Reported:	2015-11-30 03:56 UTC by Gudge
Modified:	2021-09-06 14:59 UTC (History)
CC List:	12 users (show)
Fixed In Version:	kernel-3.10.0-366.el7
Doc Type:	Bug Fix
Doc Text:
Clone Of:
Clones:	1290912 (view as bug list)
Environment:
Last Closed:	2016-11-03 14:25:32 UTC
Target Upstream Version:
Embargoed:

Attachments	(Terms of Use)
Patch on Kernel 3.10.0-327.4.5 (6.50 KB, patch) 2016-02-16 16:37 UTC, Gudge	shankhabanerjee: review? (thornber)	Details \| Diff
View All

Links
System	ID	Private	Priority	Status	Summary	Last Updated
Red Hat Product Errata	RHSA-2016:2574	0	normal	SHIPPED_LIVE	Important: kernel security, bug fix, and enhancement update	2016-11-03 12:06:10 UTC

Description Gudge 2015-11-30 03:56:03 UTC

Description of problem:
Tool thin_dump failing to show 'mappings'

Version-Release number of selected component (if applicable):
Red Hat Enterprise Linux 7.2

How reproducible:
Everytime.

Steps to Reproduce: (Reproducible on a Virtual Machine)
1. Create a new Volume Group and a thin pool and thin volume within the thin pool.

   pvcreate /dev/sdc       # Size of the physical disk is 75GB
   vgcreate VG /dev/sdc
   lvcreate -y --extents 100%free --thin VG/POOL
   lvcreate -y --name LV1 --virtualsize 30GB --thinpool VG/POOL 

2. Create xfs file system on the logical volume and mount it.
    mkfs.xfs -L STP /dev/mapper/VG-LV1
    mkdir -p /LV1
    mount -L STP /LV1

3. Two Shell Scripts:

a.

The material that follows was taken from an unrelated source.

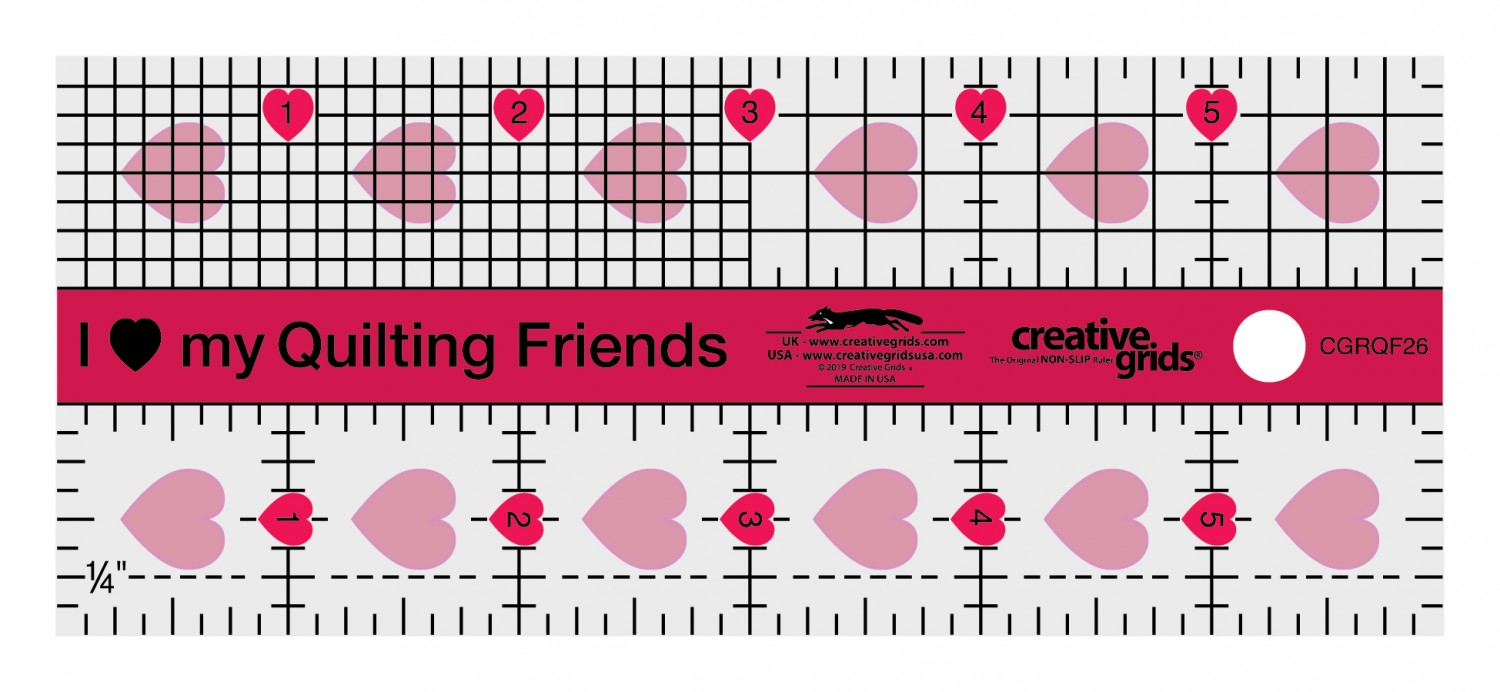 The ruler slides easily over the fabric until pressure is applied. Then, our exclusive gripper holds the fabric in place while cutting, eliminating slipping and miss-cuts! The I Love My Quilting Friends ruler is also available in a 2-1/2 x 10 inch size (Item CGRQF).
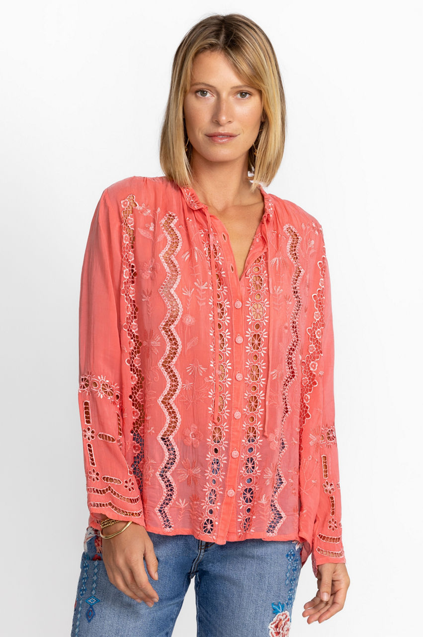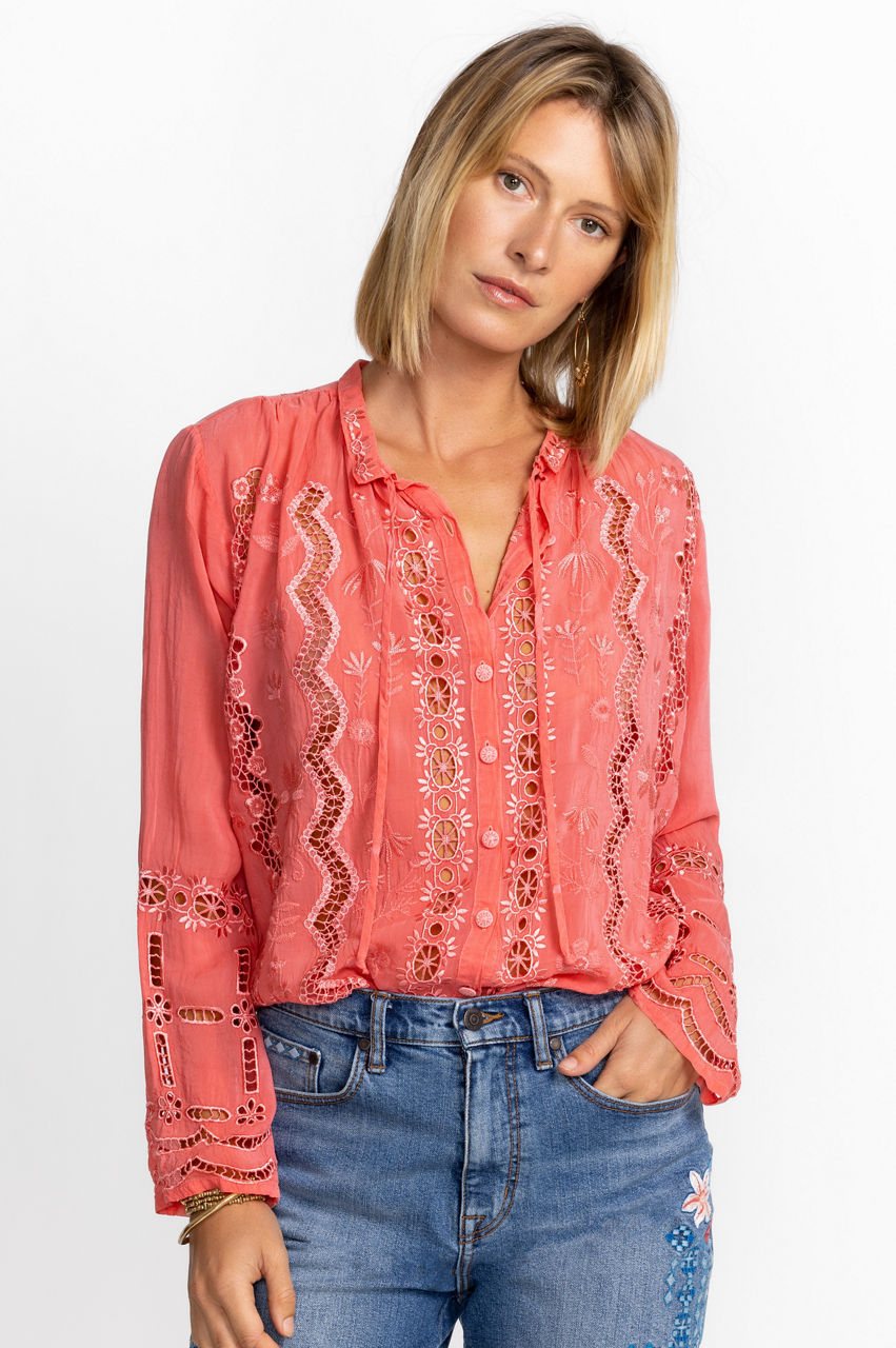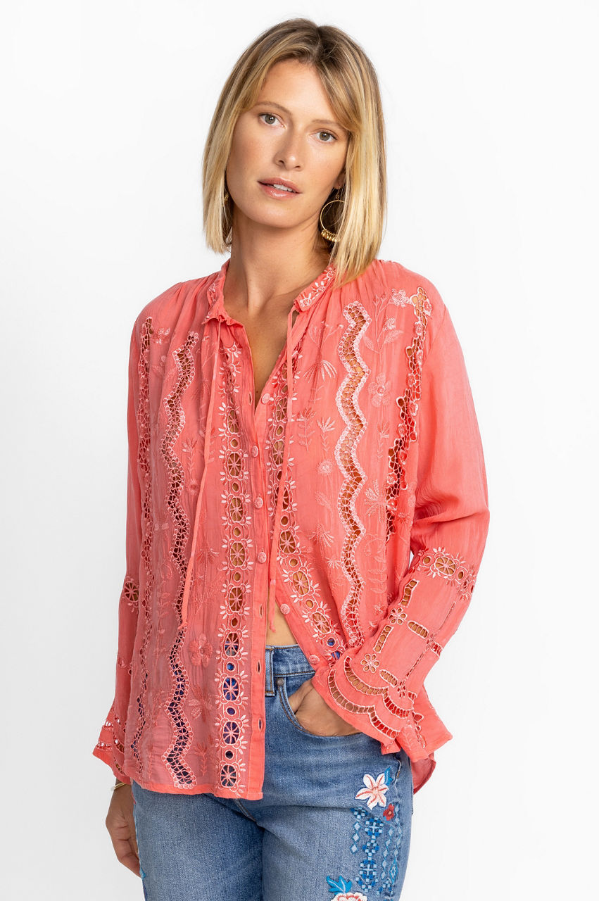 Embrace a free-spirited style this season with the Irini Blouse. Crafted from a comfortable material, this blouse boasts a round neck, long sleeves, a front fastening, and an intricate embroidery throughout. For a stylish yet pared-back daytime look, pair this blouse with white linen and leather extras.

Script for writing data to the logical volume: dd.sh
 
#! /bin/bash

i="0"
while true; do
    i=$[$i+1]
    if [ $i -eq 5 ]; then
        exit 0
    fi
    t='t'_$i.txt
    dd if=/dev/zero of=$t bs=2GB count=2 seek=1
    sync
done

b. Script for dumping thin dump data to a file  thin_dump.sh
#! /bin/bash

thin_dump_data='/lvm_scripts/thin_dump_data'

POOL='/dev/mapper/VG-POOL'
POOL_TMETA=$POOL'_tmeta'
POOL_TPOOL=$POOL'-tpool'
i="0"
while true; do
    i=$[$i+1]

    if [ $i -eq 100 ]; then
        exit 0
    fi

    t='thinDump'_$i.xml

    echo "Iteration : " $i
    t='thinDump'_$i.xml

    dmsetup message $POOL_TPOOL 0 reserve_metadata_snap
    echo "Reserve message snapshot message status : " $?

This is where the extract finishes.